Suryono Slamet Iman Santoso, a gynecologist at Jakarta's Abdi Waluyo Hospital and former reproductive health lecturer at the University of Indonesia, notes that most women don't even think about testing for pregnancy until after 40 days from their last period.

"That's when their expected period is typically about two weeks late. So it's only after 40 days that you can make a reasonably accurate determination of whether a woman is pregnant or not," he told the Globe. "I believe there shouldn't be this restriction. It will be hard to implement," he added.

The new regulation also fleshes out the process for determining what constitutes a life-threatening health condition for the mother or fetus, which is another circumstance in which a woman may get an abortion – but restricts this too by requiring that the woman obtain approval from her husband. No such condition is listed in the 2009 Health Law.

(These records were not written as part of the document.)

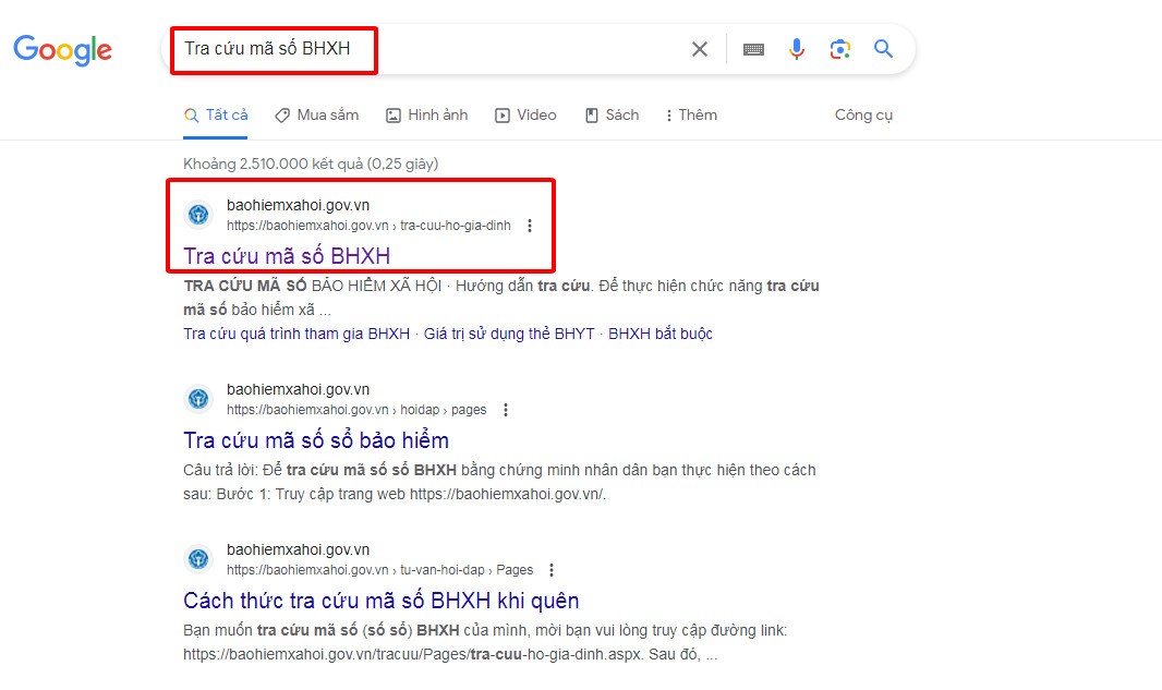 Bước 1: Chúng ta vào Google và gõ “Tra cứu mã số BHXH”, tiếp đó ta vào trang: Bảo hiểm xã hội Việt Nam (baohiemxahoi.gov.vn)
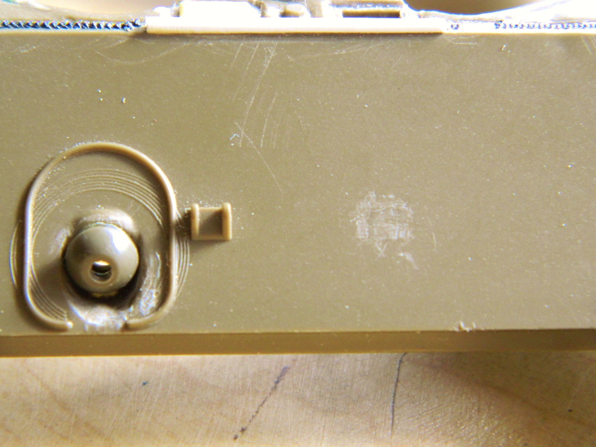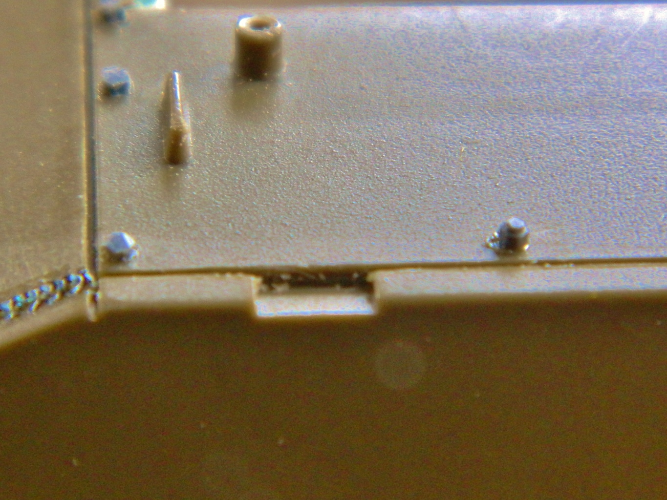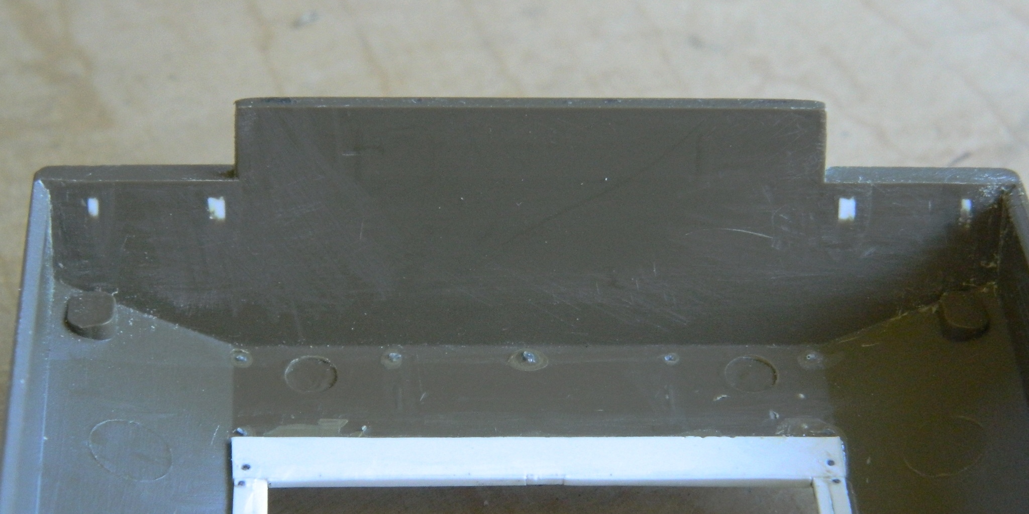 Since I will be replacing the kit’s storage brackets for extra track links with resin parts (NTMD again), the slots in the rear hull face need to be filled and smoothed, inside and out (removing the provisions for the slots on the inside of the hull is going to make fitting sponsons later SO much easier):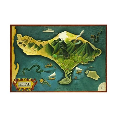 Wee Blue Coo Paintings Map Bali Indonesia Volcano Animal Cool Picture Wall Art Print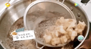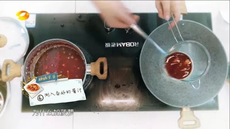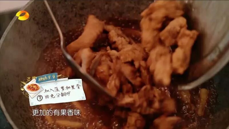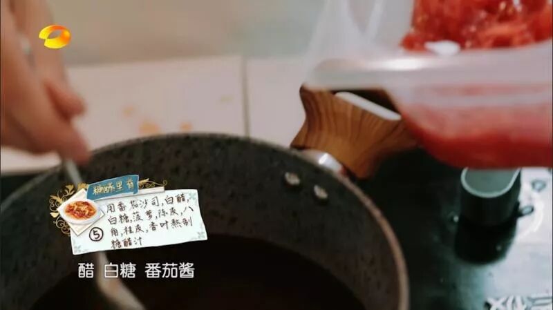 第五步:加用番茄沙司,白醋,白糖,菠萝,陈皮,八角,桂皮、香叶熬制糖醋汁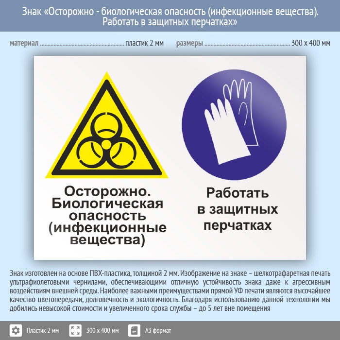 Знак «Осторожно - биологическая опасность (инфекционные вещества). Работать в защитных перчатках», КЗ-52 (пластик, 400х300 мм) в Пензе купить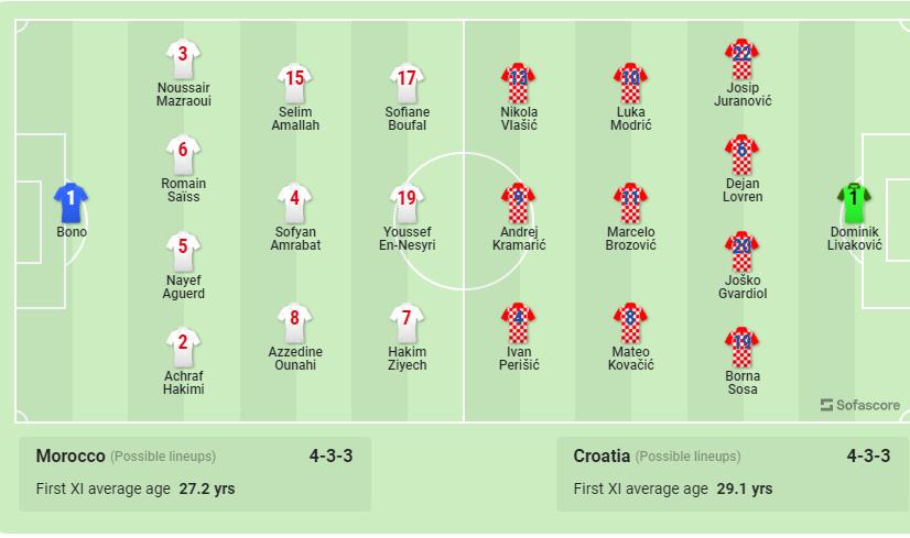 摩洛哥(4-3-3):布努;馬茲拉維、賽斯、阿格爾德、阿什拉夫;阿馬拉、阿姆拉巴特、歐納希;鮑法爾、恩-內斯里、齊耶赫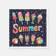 Bright and colorful popsicles, ice cream cones, and refreshing drinks are arranged around the word "Summer," creating a lively and festive atmosphere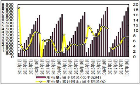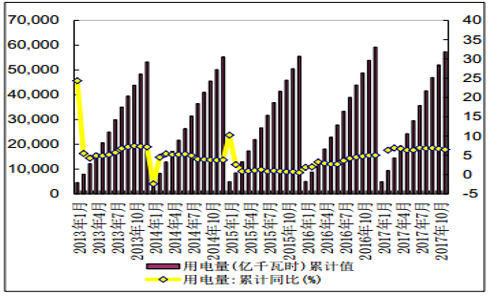 2017年1-11 月份,全國全社會用電量 57331 億千瓦時,同比增長 6.5%,增速比上年同期提高 1.5 個百分點。1-11 月份,第一產(chǎn)業(yè)用電量 1074 億千瓦時,同比增長 7.1%,占全社會用電量的比重為 1.9%;第二產(chǎn)業(yè)用電量 40185 億千瓦時,同比增長 5.5%,增速比上年同期提高 2.9 個百分點,占全社會用電量的比重為 70.1%,對全社會用電量增長的貢獻(xiàn)率為 59.8%;第三產(chǎn)業(yè)用電量 8054 億千瓦時,同比增長 10.5%,增速比上年同期回落1.1 個百分點,占全社會用電量的比重為 14.0%,對全社會用電量增長的貢獻(xiàn)率為 21.9%;城鄉(xiāng)居民生活用電量 8018 億千瓦時,同比增長 7.7%,增速比上年同期回落 3.8 個百分點,占全社會用電量的比重為 14.0%,對全社會用電量增長的貢獻(xiàn)率為 16.3%。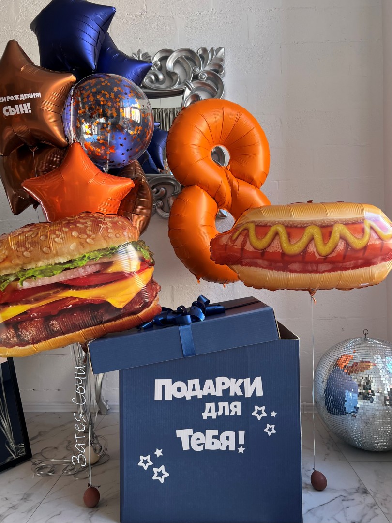 Коробка украшена тематическими наклейками и нейтральным бантом. Шары наполнены чистым гелием. Размер коробки 70х70х70 см.

Government officials, however, are crowing over what they call a progressive regulation, saying that it places women's health at the fore.

"It takes into consideration every aspect of the health, safety and comfort of the woman, her family and the fetus," Anung Sugihantono, the Health Ministry's director general for maternal and child health, said in Jakarta on Tuesday. "It should also be understood that this regulation does not legalize abortion," he added.

The government regulation will be shored up with a Health Ministry regulation that details the processes and mechanisms for a legal abortion, Anung said.